Still probably takes a while to write really good programs.
We're discussing a quite auxiliary topic today, which is related to writing good programs.
I will do exclusively program efficiency, complexity of programs today, and look a little
bit into how complexity is actually measured.
If you can call it like that, what you do is basically estimates and look into various
well types of algorithmic complexity, which are basic classes of algorithms, which you
will usually encounter all the time.
What this lecture will give you is intuition when you look into a new problem to be able
to derive how expensive will it be to compute it.
Can I compute this within a reasonable time?
Is this a very kind of quick thing or does this particular program probably require either
very big compute resources or a very long time on your laptop?
This is the kind of key takeaway from these lectures that you get a basic understanding
of what is fast and what is slow.
What we are going to discuss is mainly around measuring the orders of growth of an algorithm.
That means we are not doing most of the time exact metrics here.
We can, but the big topic here will be something we call the big O notation, which is just
a notation used to characterize certain types of asymptotic growth of algorithms.
Then we'll discuss the basic complexity classes, which give you the tools to categorize, say,
a new algorithm or to estimate your collection of algorithms when you run them one after
the other in a consolidated way to get kind of idea of what's the bottleneck here?
How long will the entire thing take to execute?

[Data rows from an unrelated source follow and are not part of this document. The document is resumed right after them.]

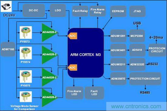 作為一個參考設(shè)計,這個方案的主控芯片選用了流行的ARM Cortex-M3架構(gòu),這樣能方便開發(fā)者將自己的算法移植進行移植,給開發(fā)者帶來更大的靈活度。同時,參考方案中支持豐富的接口,如RS232、RS485,能夠滿足大多數(shù)應用場景的需求。
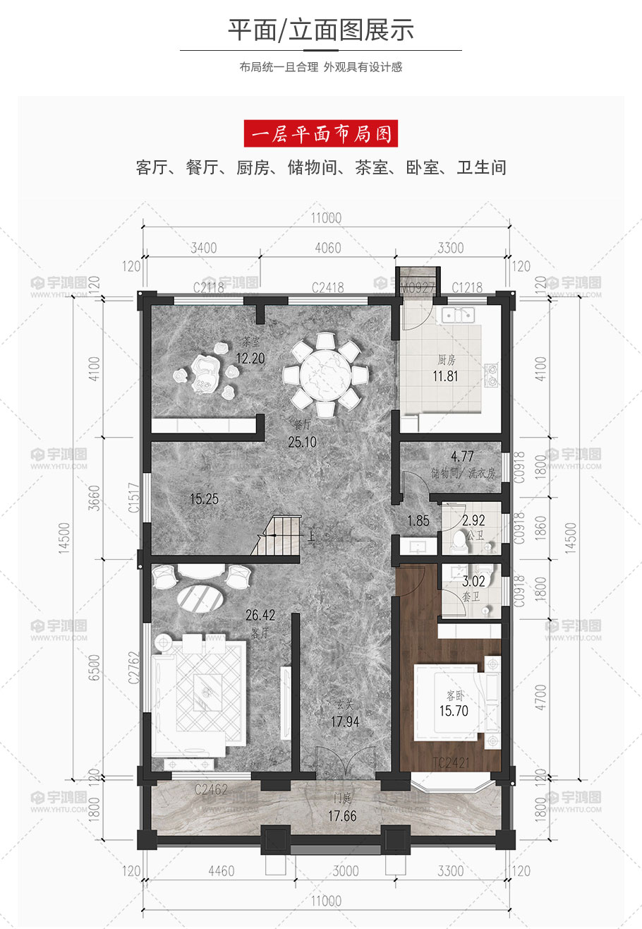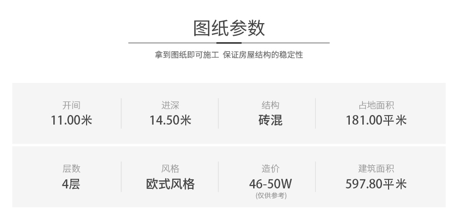 | 開間:11米 | 進深:14.5米 | 占地面積:181平方米 | 建筑面積:597.8平方米 |
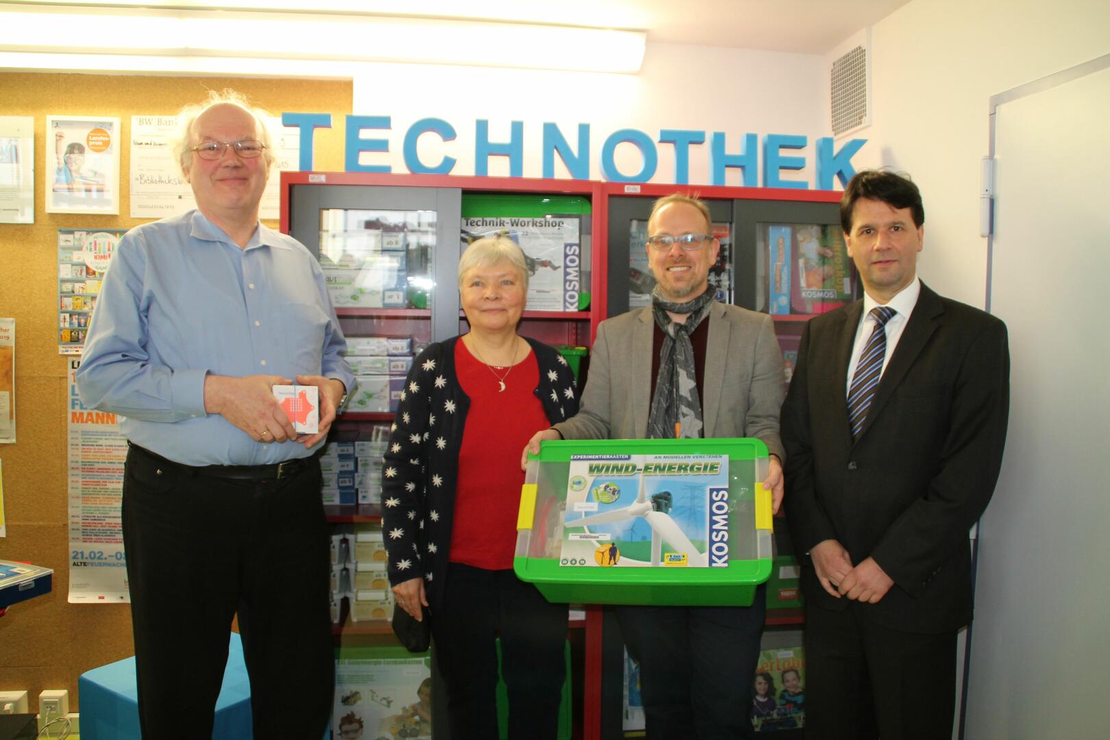 Die Kinder- und Jugendbibliothek der Stadtbibliothek freut sich über ihre neue TechnoTHEK. Bildungsbürgermeister Dirk Grunert (2.vl.r) dankte bei der Eröffnung den Sponsoren, Alexander Kling (rechts), für das Ressort Jugend und Technik verantwortliche Vorstandsmitglied des Vereins Deutscher Ingenieure (VDI), Regina Umland vom Vorstand des Fördervereins der Stadtbibliothek sowie Martin Zieglier, iT@school der Deutschen Telekom (links).
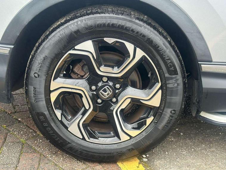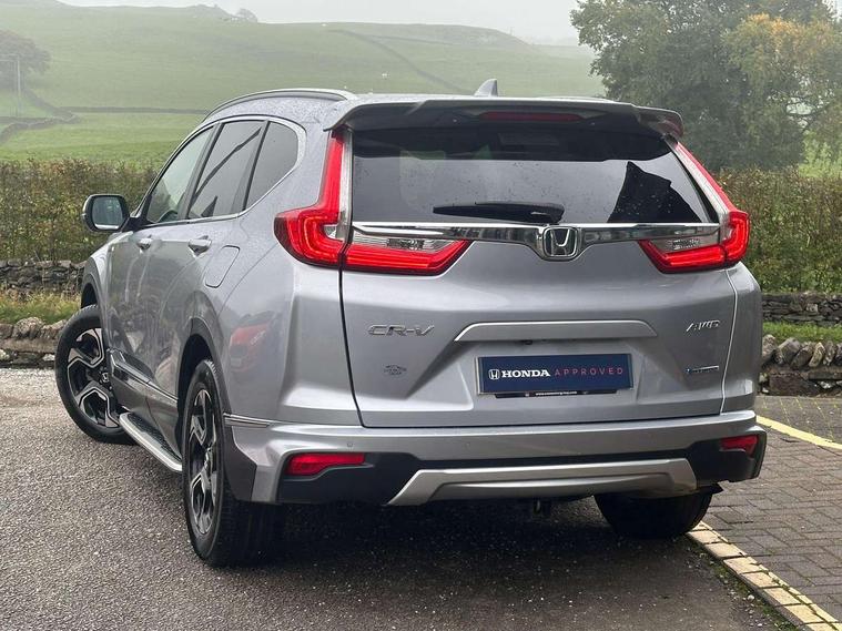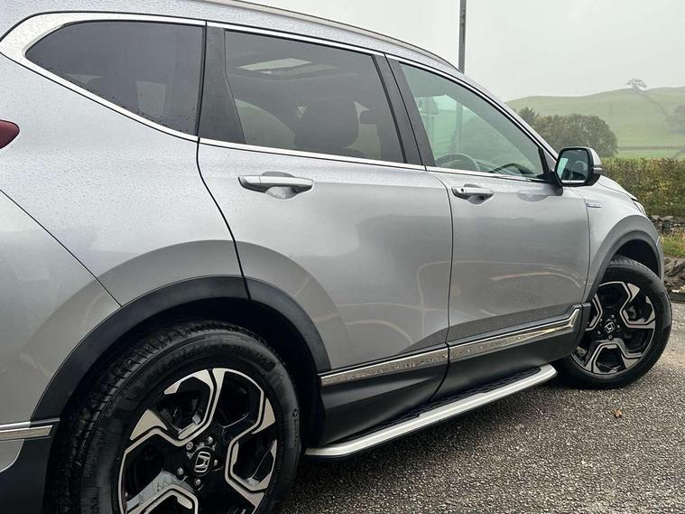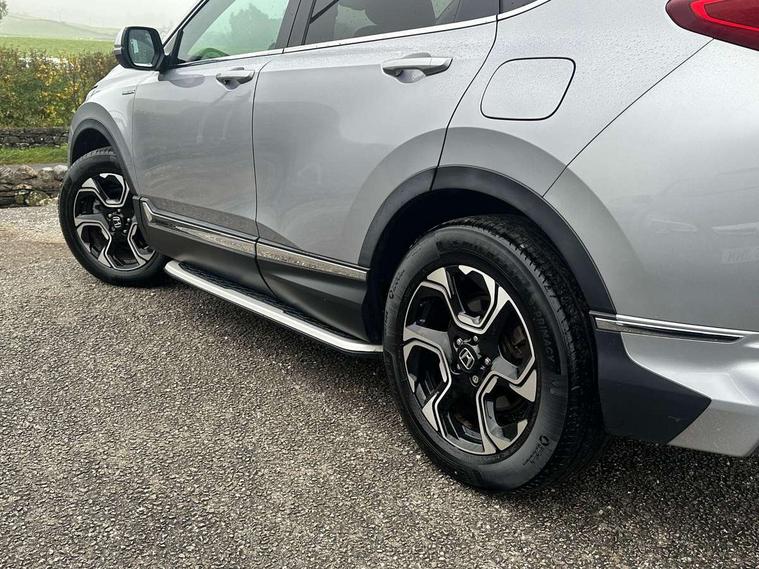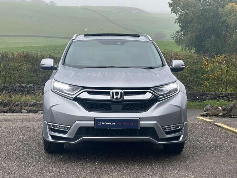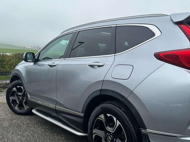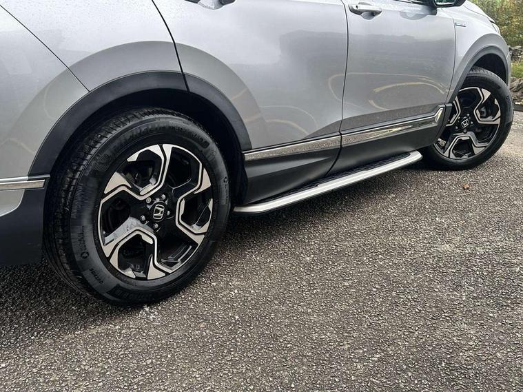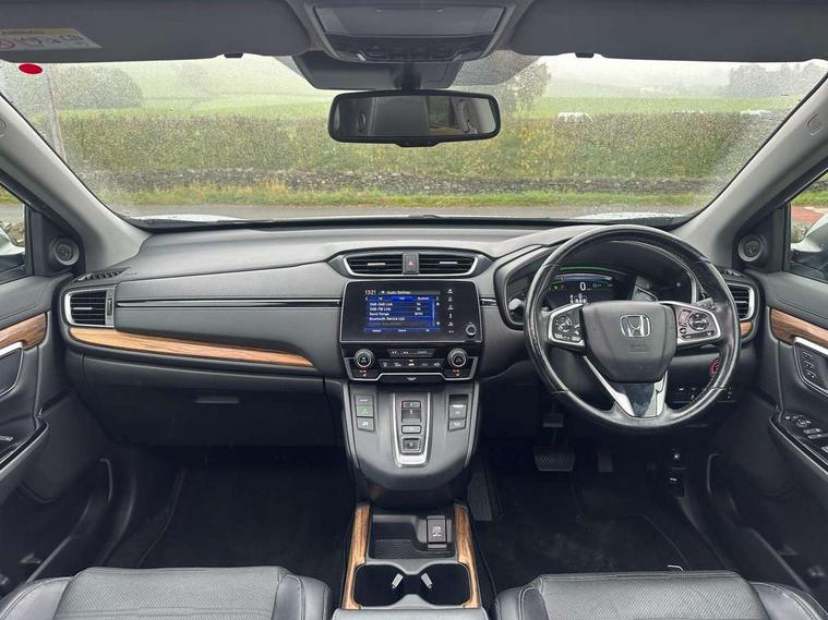 Adaptive cruise control, Agile handling assist, BLIS (Blind Spot Information System) with dual power heated blind spot mirrors, Bluetooth hands free telephone connection, Economy mode, Electric power steering, Emergency stop signalling system, Forward collision warning, Front and rear parking sensors, Hands free tailgate, Head up Display, Honda CONNECT with GARMIN Navigation + 7" touchscreen, DAB radio, Apple CarPlay, Android Auto, Aha app integration and internet browsing, Intelligent multi info display, Lane departure warning system, Lane keep assist system, Low speed following, Rear view camera, Road departure mitigation, Speed limiter, Traffic sign recognition, Vehicle stability assist, 2 USB sockets in rear, 2x USB sockets in front, 8 Speakers, DAB Digital radio, Steering wheel mounted controls, Subwoofer, Aspheric door mirrors, Auto dimming rear view mirror, Automatic headlights with dusk sensor, Body colour bumpers, Body colour door handles, Cornering light, Door mirrors tilt when reversing, Electric front windows/one touch facility, Electric rear windows + one touch facility, Electrically adjustable and heated door mirrors, Electrically retractable door mirrors, Front windscreen de-icer, High beam assist, LED daytime running lights, LED front fog lights, LED Headlights, LED rear lights, Panoramic opening glass sunroof, Rain sensor, Rear privacy glass, Rear wiper, Roof rails, Shark fin roof aerial, Welcome home function, 60/40 split folding rear seat, 8 way electrically adjustable drivers seat + mirror memory, Accessory sockets, Ambient interior lighting, Ambient light in roof, AWD emblem rear, Cargo hooks, Courtesy lights, Driver's electric adjustable lumbar support, Driver/passenger front seatback pockets, Driver/passenger sunvisors with illuminated vanity mirrors, Dual zone automatic climate control, Electric lumbar adjustment on passenger's seat, Footwell ambient lighting, Front centre armrest, Front map lights, Front passenger seat height adjust, Heated front seats, Heated rear seats, Heated steering wheel, Hybrid emblem, Illuminated glovebox, Instrument panel with garnish wood film, Isofix child seat preparation, Leather steering wheel, Leather upholstery, Paddle shift controls, Rear air vents, Rear centre armrest, Rear headrests, Rear reading lights, Silver interior door handles, Sunglasses holder with mirror, Tilt/telescopic adjustable steering wheel, Tonneau cover, Trunk light, 5 x 3 point seatbelts, ABS/EBD, Anti-whiplash front headrests, Brake assist function, Collision mitigation braking system, Deflation detection system, Driver airbag, Electronic parking brake with auto hold, Front and rear curtain airbags, Front side airbags, Hill start assist, Passenger airbag deactivate switch, Honda super locks, Immobiliser, Remote keyless entry, Security alarm, Ultrasonic sensor and tilt sensor, Tyre repair kit,
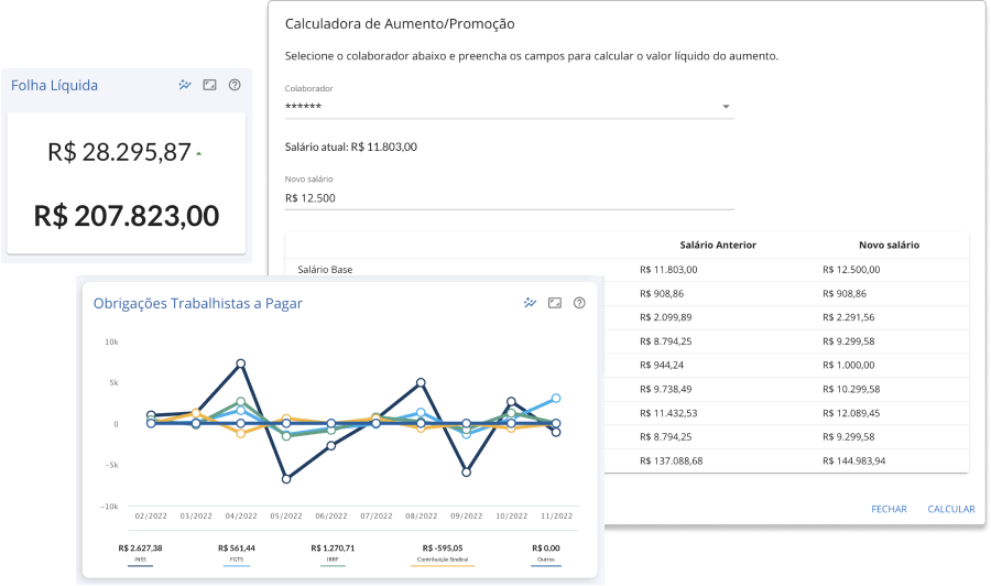 Dados já integrados: Contábil, eSocial, folha, fiscal, tributário. HubCount BI entrega:
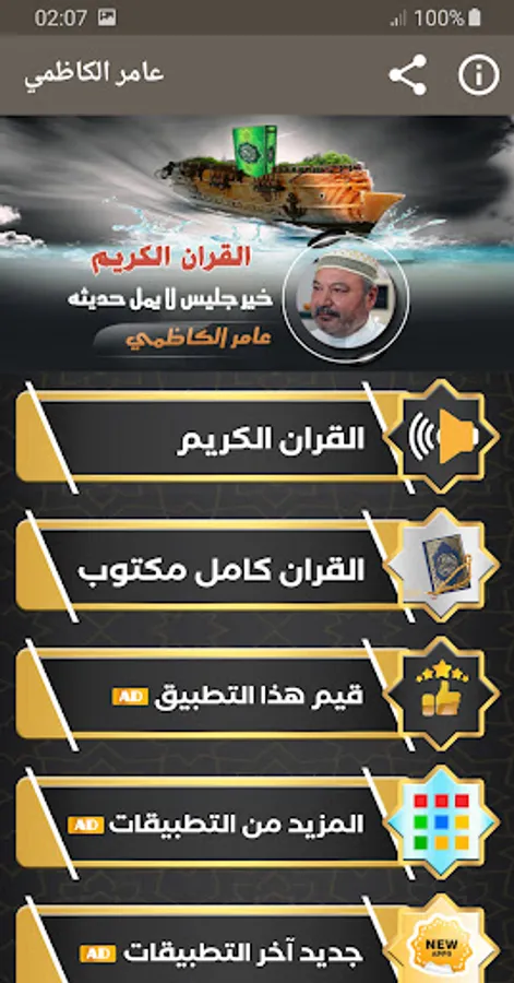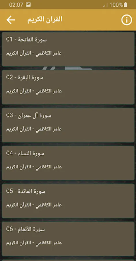 ◾️ A very wonderful application for the reciter Amer Al-Kazemi that contains the entire Holy Qur’an with high audio quality
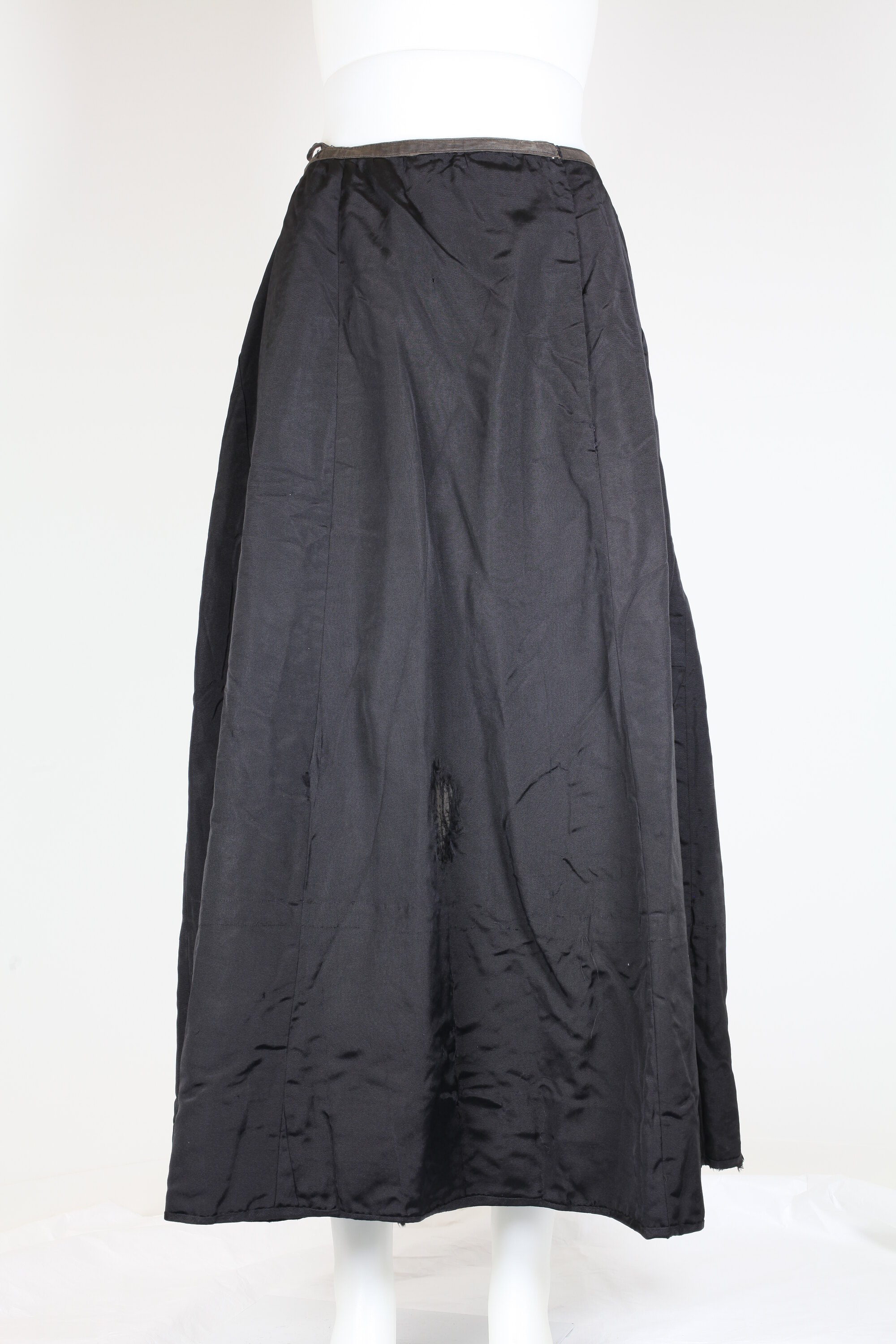 Black bombazine petticoat, floor length. Stiffened on the inside with Silesia - a fine brown glazed linen used for lining dresses. Cotton lining. Inverted pleat at back. Eight pairs of hooks and eyes at a side/front closing. Tape tightens gathers at back. Loop on waist, possibly for hanging.

Now some of you might say what for?
I don't care.
Computers always get faster.
I have a program that's probably slow today, but let's just wait a couple of years and
following more slow of law, which is probably not true anymore.
But what we've experienced the last 30 years or so is when computers always go faster and
faster and we could just wait until this algorithm you wrote will maybe execute in half the time.
I can tell you now it's a bad idea because unfortunately, the amount of data we're looking
at is growing probably even faster than our compute power.
And so it probably doesn't matter waiting.
Your algorithm will maybe always be slow.
Even if you wait five years, data will have grown by whatever factor.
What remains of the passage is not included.